Baerbock bestellt Botschafter ein
Wegen der Spionage-Ermittlungen bestellte Bundesaußenministerin Annalena Baerbock den russischen Botschafter in Berlin ein. "Wir werden nicht zulassen, dass Putin seinen Terror nach Deutschland trägt. Das wurde dem russischen Botschafter heute bei einer Einbestellung mitgeteilt", so Baerbock. Der Sprecher des russischen Präsidialamts in Moskau, Dmitri Peskow, sagte, ihm lägen über den Fall keine Informationen vor.

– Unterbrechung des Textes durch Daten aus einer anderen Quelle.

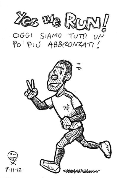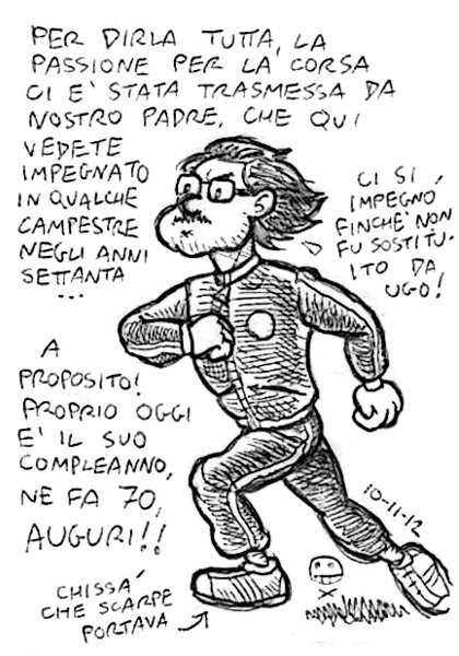 Settimana standard per quanto riguarda gli allenamenti, anche se non ho ancora fatto gli accertamenti richiestimi dal medico sportivo, per cui niente lavori, ma mi sento bene. Mia figlia fa una campestre, Obama viene rieletto, rivolta generazionale nel PdL, mio padre compie gli anni. Mi sembra che tutto torni, il cerchio settimanale si chiude… / An average training week, with no particular highlights. My daughter runs a cross, Obama is re-elected, problems in Berlusconi’s party, 70 candles for my father. That’s all, weekly cycle is complete! Martedì 10k, mercoledì idem, venerdì 45′ abbastanza tirati con due belle salite, sabato 1h circa, il tutto di fondo lento. Link to this articlePadri e figli / Fathers & sons

Die russische Botschaft in Berlin wies alle Vorwürfe zurück. "Es wurden keine Beweise vorgelegt, die von den Plänen der Festgenommenen und ihren möglichen Beziehungen zu russischen Strukturen zeugen", hieß es in einer Stellungnahme. Die Einbestellung des Botschafters sei eine "offene Provokation".